> [Action item]: Transcribe each record exactly. Omit the pictures.
════════════════════
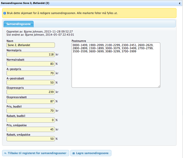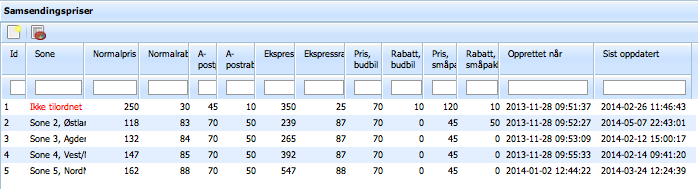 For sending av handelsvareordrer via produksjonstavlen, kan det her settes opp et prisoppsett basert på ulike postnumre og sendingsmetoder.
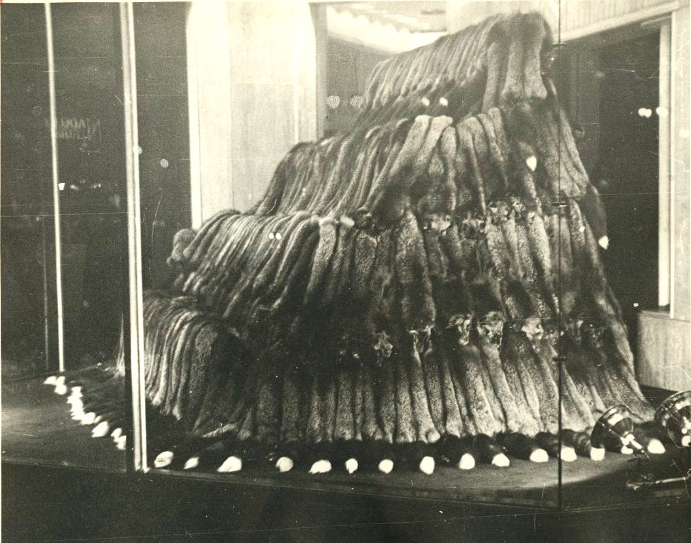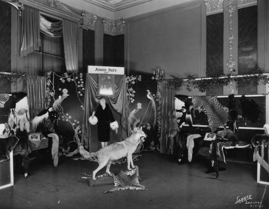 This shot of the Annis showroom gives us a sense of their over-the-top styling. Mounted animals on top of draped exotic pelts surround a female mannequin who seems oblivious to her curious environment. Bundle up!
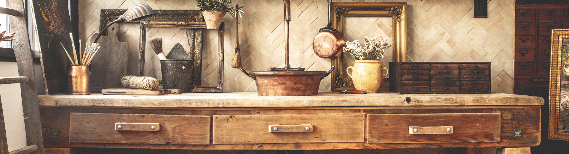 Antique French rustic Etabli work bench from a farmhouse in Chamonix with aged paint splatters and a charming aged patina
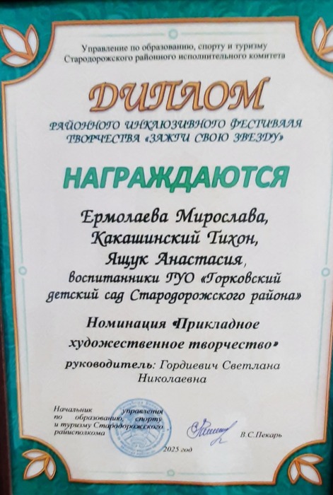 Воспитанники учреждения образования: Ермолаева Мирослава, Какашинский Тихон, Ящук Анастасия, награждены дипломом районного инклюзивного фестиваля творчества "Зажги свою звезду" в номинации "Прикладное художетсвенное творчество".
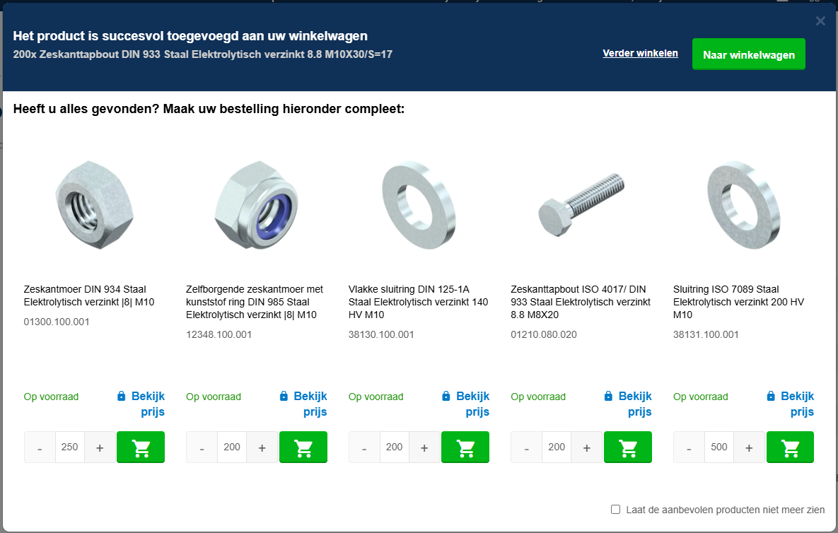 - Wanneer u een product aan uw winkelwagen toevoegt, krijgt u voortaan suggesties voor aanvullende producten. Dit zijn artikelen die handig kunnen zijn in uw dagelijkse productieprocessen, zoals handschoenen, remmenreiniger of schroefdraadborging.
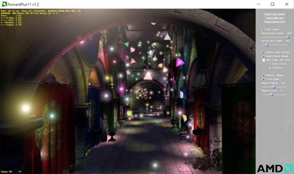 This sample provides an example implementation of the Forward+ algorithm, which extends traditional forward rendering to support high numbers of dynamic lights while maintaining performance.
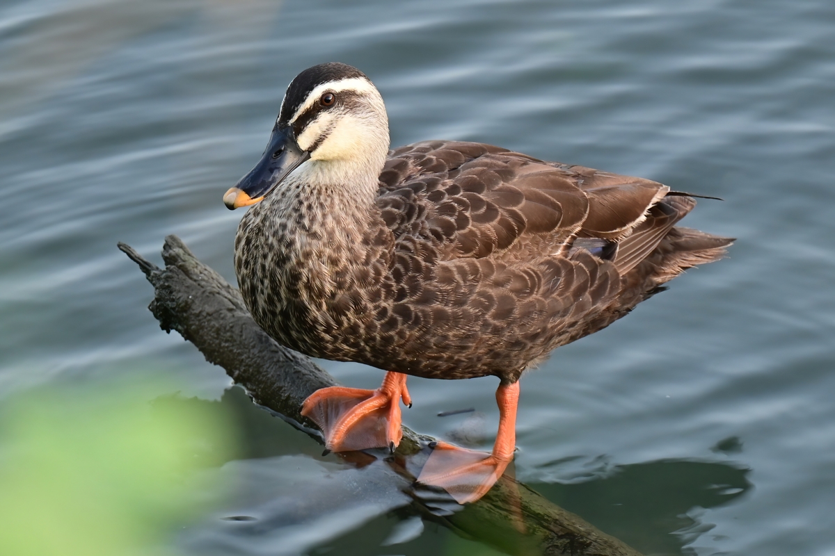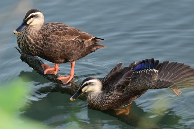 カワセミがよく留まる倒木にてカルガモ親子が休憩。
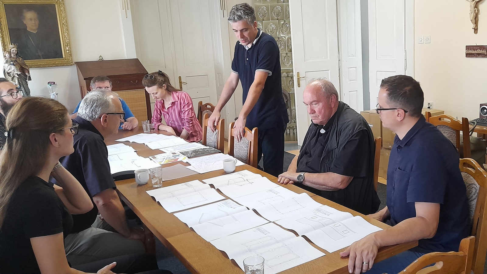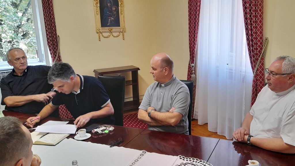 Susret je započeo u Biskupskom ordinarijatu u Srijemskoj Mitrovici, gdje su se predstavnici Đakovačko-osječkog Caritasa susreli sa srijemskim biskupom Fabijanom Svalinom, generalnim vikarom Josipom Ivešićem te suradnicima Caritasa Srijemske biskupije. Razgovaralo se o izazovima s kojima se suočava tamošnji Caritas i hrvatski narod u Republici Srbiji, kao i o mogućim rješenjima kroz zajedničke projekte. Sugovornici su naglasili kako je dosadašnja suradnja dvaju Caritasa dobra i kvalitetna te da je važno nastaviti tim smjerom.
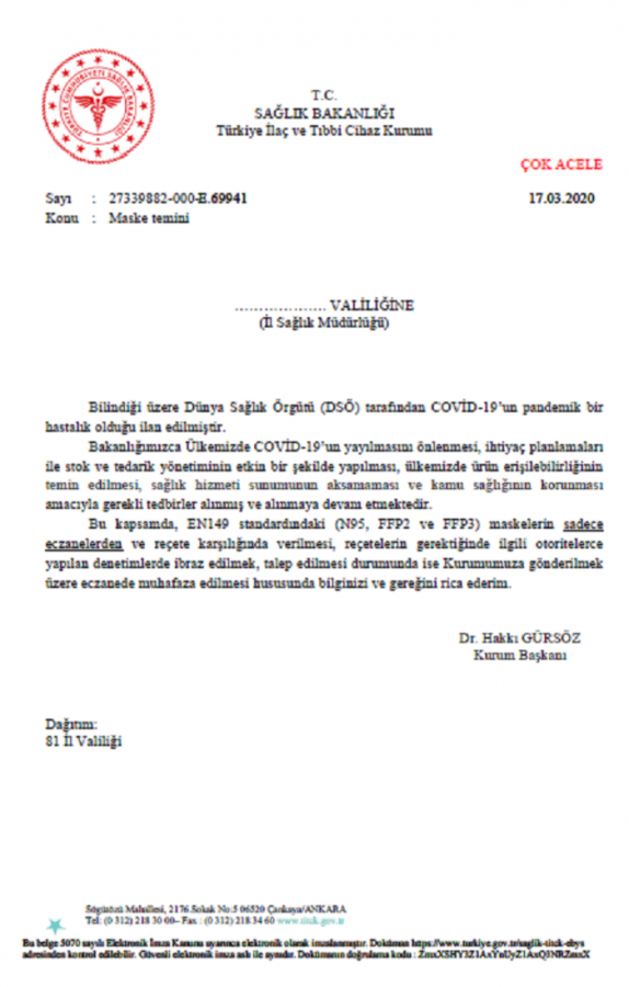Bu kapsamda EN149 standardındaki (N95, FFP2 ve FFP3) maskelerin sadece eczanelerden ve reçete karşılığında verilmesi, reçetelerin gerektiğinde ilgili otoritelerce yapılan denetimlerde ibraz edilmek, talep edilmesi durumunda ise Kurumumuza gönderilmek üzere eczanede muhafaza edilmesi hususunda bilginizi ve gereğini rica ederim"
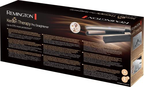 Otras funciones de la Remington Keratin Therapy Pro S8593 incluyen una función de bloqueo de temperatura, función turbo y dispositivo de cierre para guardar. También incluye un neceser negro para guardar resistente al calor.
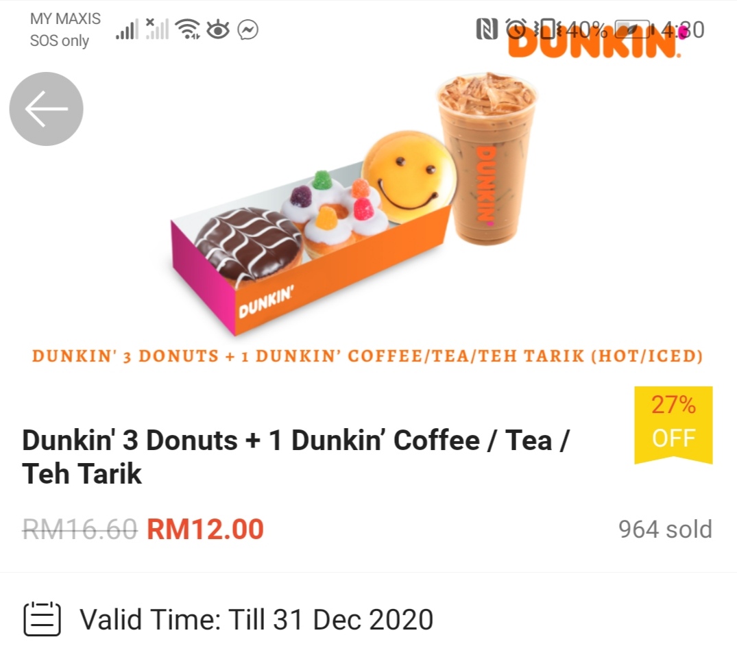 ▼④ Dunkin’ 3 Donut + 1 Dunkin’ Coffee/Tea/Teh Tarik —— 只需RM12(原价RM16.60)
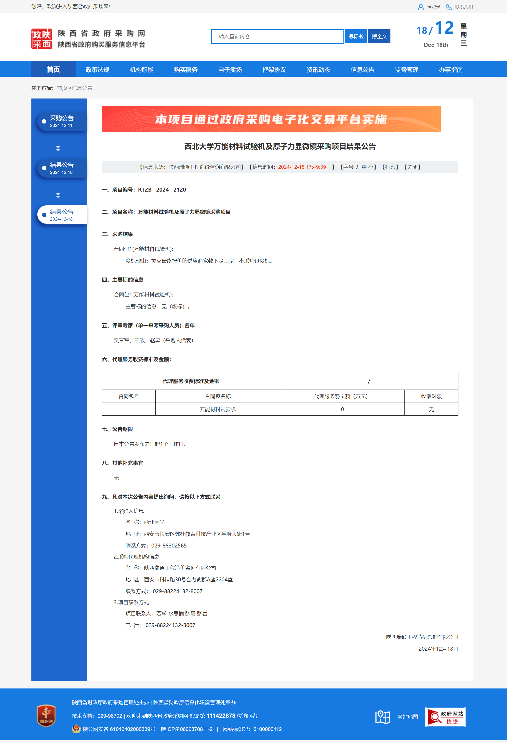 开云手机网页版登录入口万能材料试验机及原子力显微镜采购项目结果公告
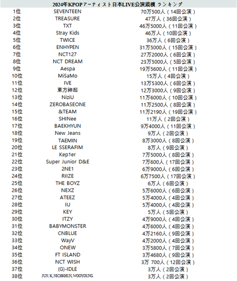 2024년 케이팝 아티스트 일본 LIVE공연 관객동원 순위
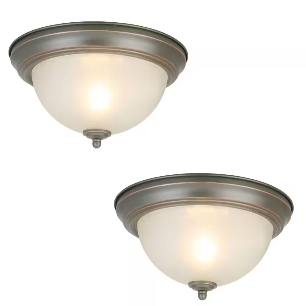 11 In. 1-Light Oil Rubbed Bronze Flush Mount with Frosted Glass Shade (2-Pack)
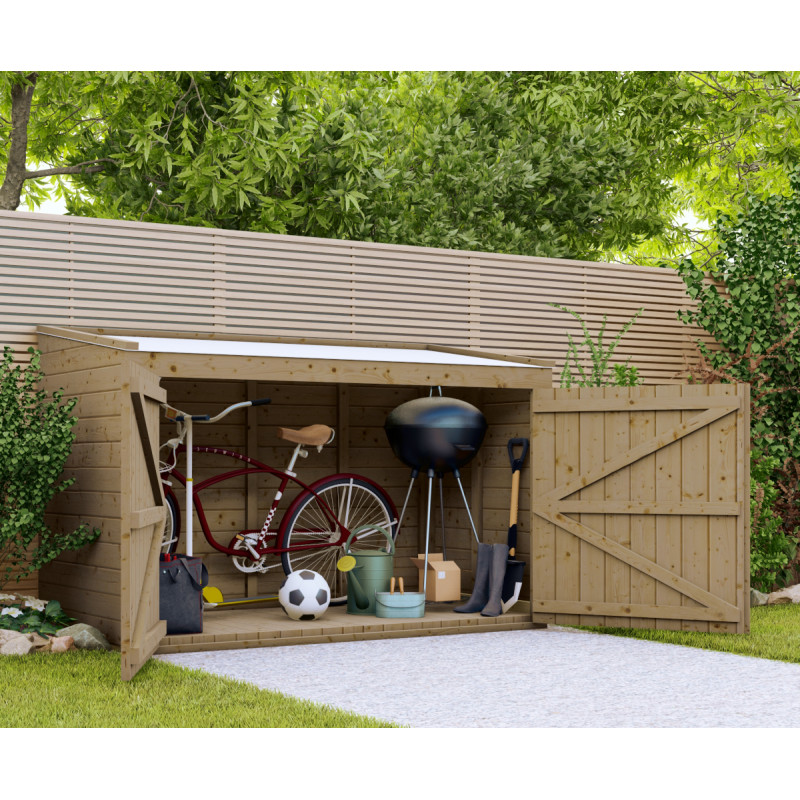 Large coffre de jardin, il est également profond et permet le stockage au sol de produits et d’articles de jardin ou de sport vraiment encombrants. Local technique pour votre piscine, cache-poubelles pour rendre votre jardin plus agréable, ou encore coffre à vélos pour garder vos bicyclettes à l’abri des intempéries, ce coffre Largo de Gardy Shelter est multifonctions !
════════════════════
> [Response area]:
 For sending av handelsvareordrer via produksjonstavlen, kan det her settes opp et prisoppsett basert på ulike postnumre og sendingsmetoder.
 This shot of the Annis showroom gives us a sense of their over-the-top styling. Mounted animals on top of draped exotic pelts surround a female mannequin who seems oblivious to her curious environment. Bundle up!
 Antique French rustic Etabli work bench from a farmhouse in Chamonix with aged paint splatters and a charming aged patina
 Воспитанники учреждения образования: Ермолаева Мирослава, Какашинский Тихон, Ящук Анастасия, награждены дипломом районного инклюзивного фестиваля творчества "Зажги свою звезду" в номинации "Прикладное художетсвенное творчество".
 - Wanneer u een product aan uw winkelwagen toevoegt, krijgt u voortaan suggesties voor aanvullende producten. Dit zijn artikelen die handig kunnen zijn in uw dagelijkse productieprocessen, zoals handschoenen, remmenreiniger of schroefdraadborging.
 This sample provides an example implementation of the Forward+ algorithm, which extends traditional forward rendering to support high numbers of dynamic lights while maintaining performance.
 カワセミがよく留まる倒木にてカルガモ親子が休憩。
 Susret je započeo u Biskupskom ordinarijatu u Srijemskoj Mitrovici, gdje su se predstavnici Đakovačko-osječkog Caritasa susreli sa srijemskim biskupom Fabijanom Svalinom, generalnim vikarom Josipom Ivešićem te suradnicima Caritasa Srijemske biskupije. Razgovaralo se o izazovima s kojima se suočava tamošnji Caritas i hrvatski narod u Republici Srbiji, kao i o mogućim rješenjima kroz zajedničke projekte. Sugovornici su naglasili kako je dosadašnja suradnja dvaju Caritasa dobra i kvalitetna te da je važno nastaviti tim smjerom.
Bu kapsamda EN149 standardındaki (N95, FFP2 ve FFP3) maskelerin sadece eczanelerden ve reçete karşılığında verilmesi, reçetelerin gerektiğinde ilgili otoritelerce yapılan denetimlerde ibraz edilmek, talep edilmesi durumunda ise Kurumumuza gönderilmek üzere eczanede muhafaza edilmesi hususunda bilginizi ve gereğini rica ederim"
 Otras funciones de la Remington Keratin Therapy Pro S8593 incluyen una función de bloqueo de temperatura, función turbo y dispositivo de cierre para guardar. También incluye un neceser negro para guardar resistente al calor.
 ▼④ Dunkin’ 3 Donut + 1 Dunkin’ Coffee/Tea/Teh Tarik —— 只需RM12(原价RM16.60)
 开云手机网页版登录入口万能材料试验机及原子力显微镜采购项目结果公告
 2024년 케이팝 아티스트 일본 LIVE공연 관객동원 순위
 11 In. 1-Light Oil Rubbed Bronze Flush Mount with Frosted Glass Shade (2-Pack)
 Large coffre de jardin, il est également profond et permet le stockage au sol de produits et d’articles de jardin ou de sport vraiment encombrants. Local technique pour votre piscine, cache-poubelles pour rendre votre jardin plus agréable, ou encore coffre à vélos pour garder vos bicyclettes à l’abri des intempéries, ce coffre Largo de Gardy Shelter est multifonctions !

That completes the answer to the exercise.